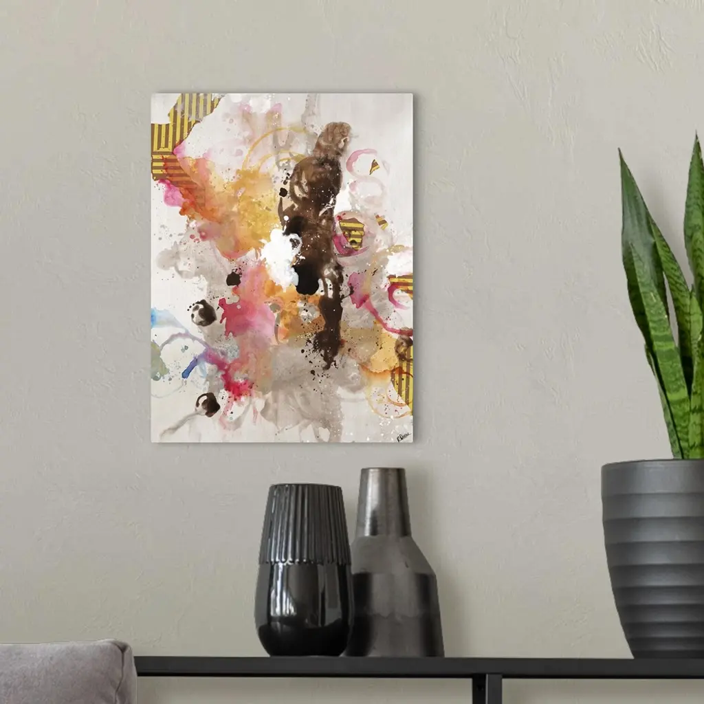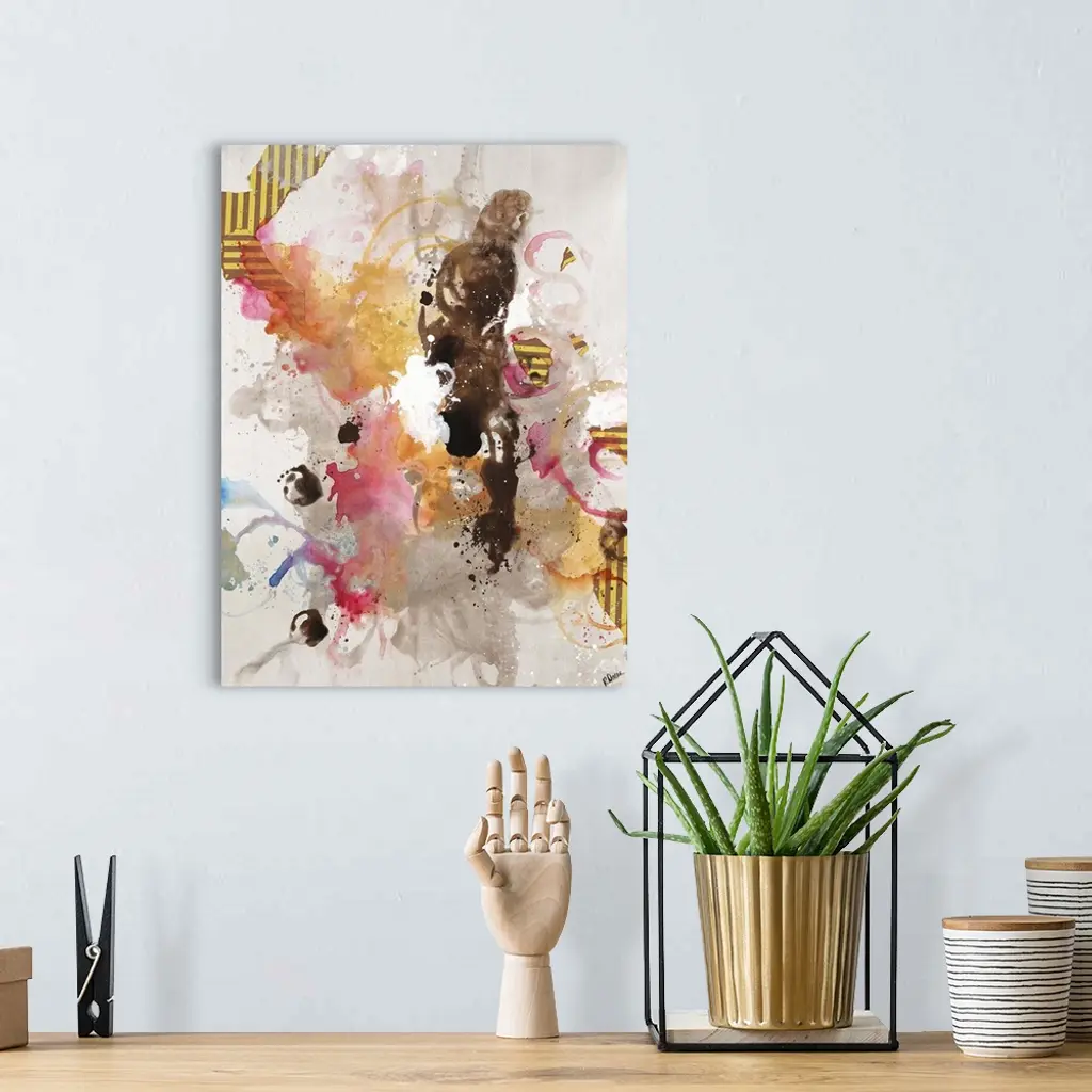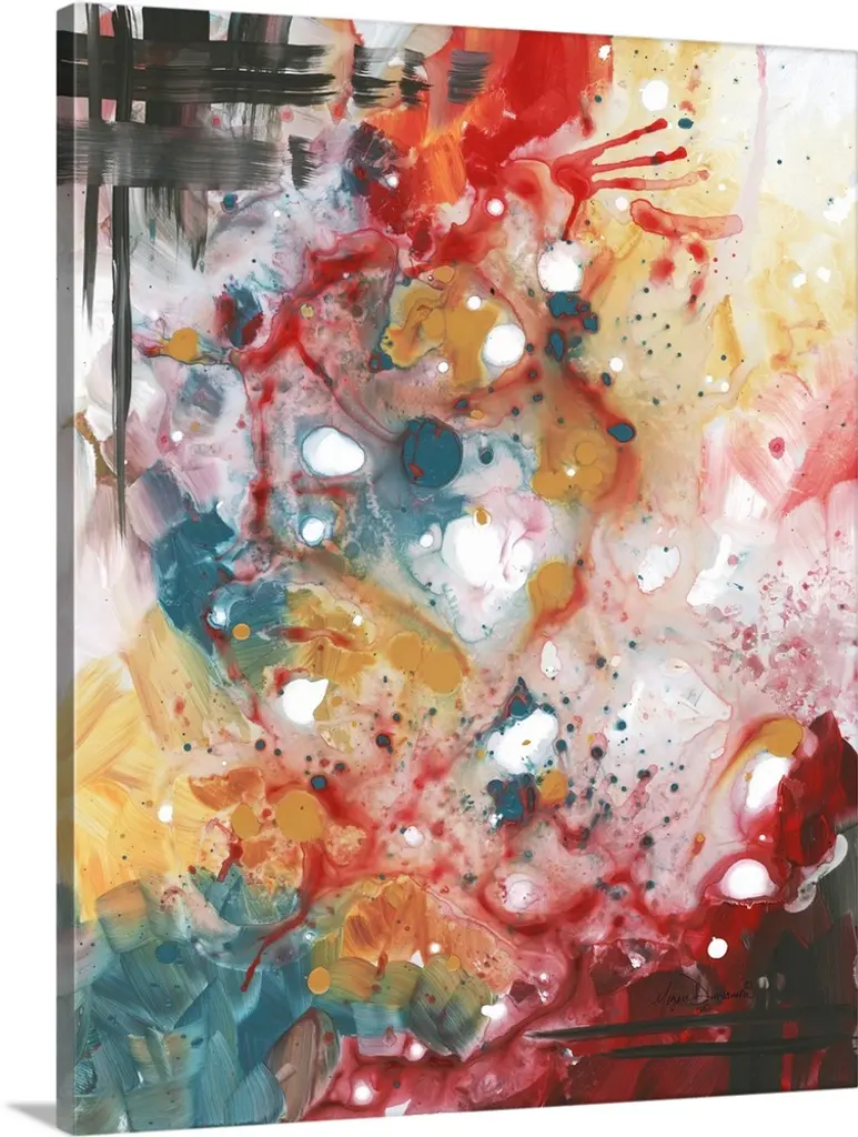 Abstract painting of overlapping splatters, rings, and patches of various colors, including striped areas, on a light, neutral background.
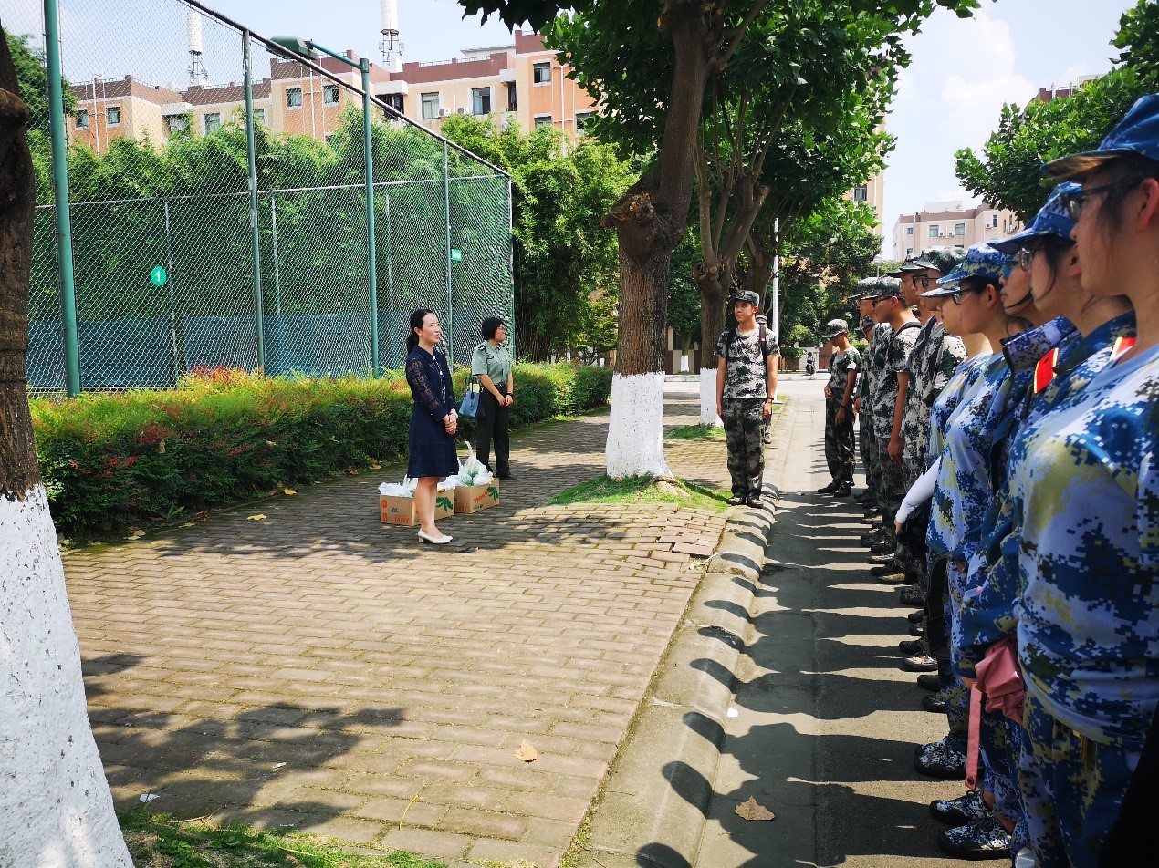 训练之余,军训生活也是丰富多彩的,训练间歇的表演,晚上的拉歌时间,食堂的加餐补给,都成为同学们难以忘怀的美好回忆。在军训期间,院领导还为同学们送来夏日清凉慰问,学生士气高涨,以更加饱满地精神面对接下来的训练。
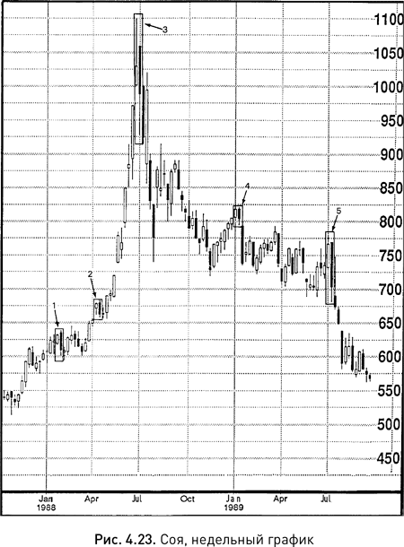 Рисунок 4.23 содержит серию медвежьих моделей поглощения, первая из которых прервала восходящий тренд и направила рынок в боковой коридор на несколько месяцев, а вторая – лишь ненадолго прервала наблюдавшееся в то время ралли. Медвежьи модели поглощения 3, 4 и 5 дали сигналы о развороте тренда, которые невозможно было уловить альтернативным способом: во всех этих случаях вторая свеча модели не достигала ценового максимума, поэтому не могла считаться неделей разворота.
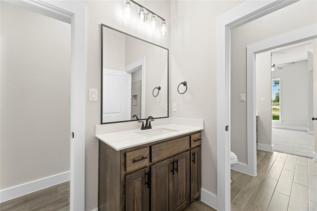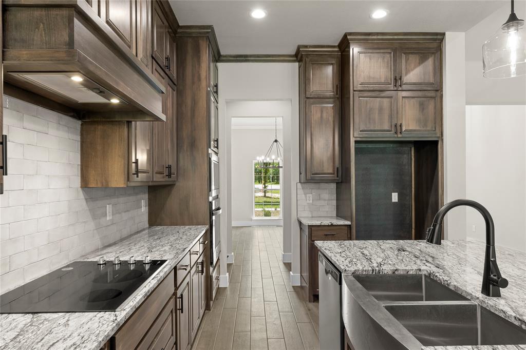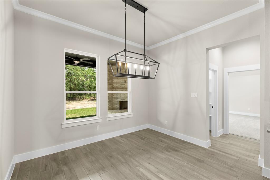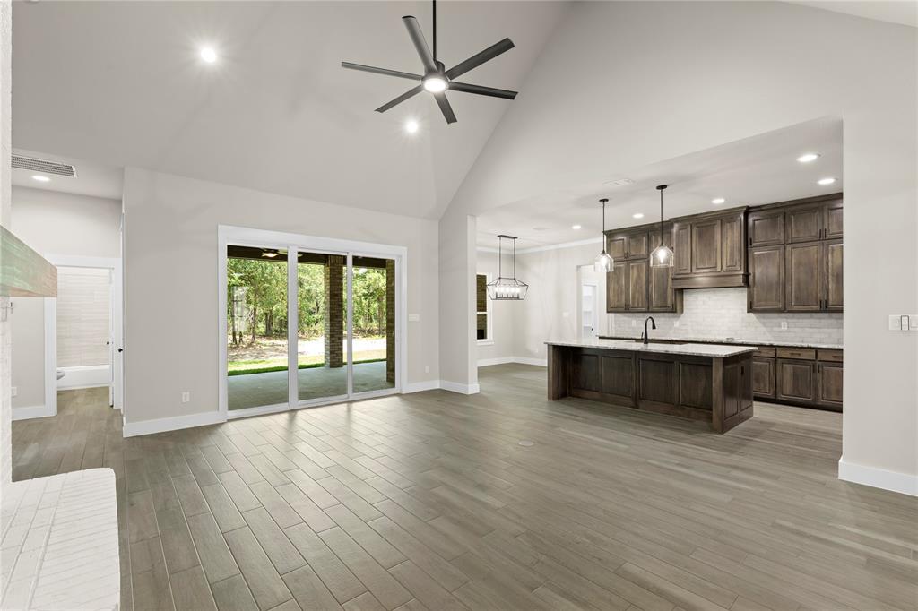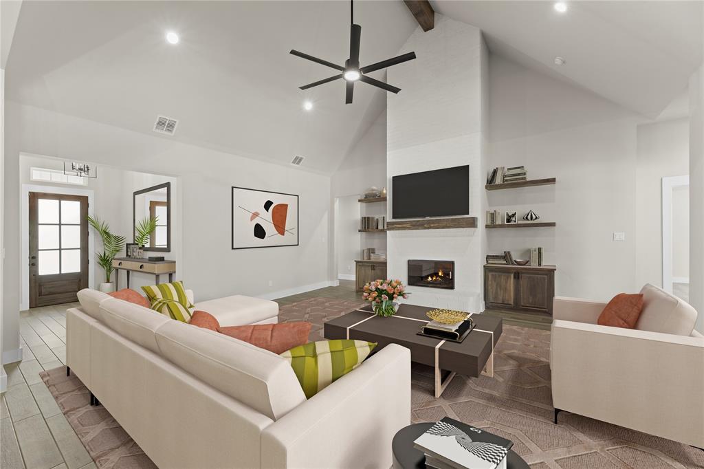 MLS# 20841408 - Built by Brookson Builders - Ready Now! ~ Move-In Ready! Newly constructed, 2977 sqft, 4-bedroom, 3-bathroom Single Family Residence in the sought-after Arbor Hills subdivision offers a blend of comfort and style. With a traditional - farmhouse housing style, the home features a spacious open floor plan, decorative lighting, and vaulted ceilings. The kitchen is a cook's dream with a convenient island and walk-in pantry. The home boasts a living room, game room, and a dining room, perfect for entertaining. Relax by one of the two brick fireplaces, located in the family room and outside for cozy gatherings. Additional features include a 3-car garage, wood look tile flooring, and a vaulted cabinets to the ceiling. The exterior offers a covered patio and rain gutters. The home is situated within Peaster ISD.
________________________________________
▸ Exercise requirements: Starting with the first line of the material above and ending with the line that holds "训练之余,军训生活也是丰富多", write out those lines exactly, without pictures.

▸ Response:
 Abstract painting of overlapping splatters, rings, and patches of various colors, including striped areas, on a light, neutral background.
 训练之余,军训生活也是丰富多彩的,训练间歇的表演,晚上的拉歌时间,食堂的加餐补给,都成为同学们难以忘怀的美好回忆。在军训期间,院领导还为同学们送来夏日清凉慰问,学生士气高涨,以更加饱满地精神面对接下来的训练。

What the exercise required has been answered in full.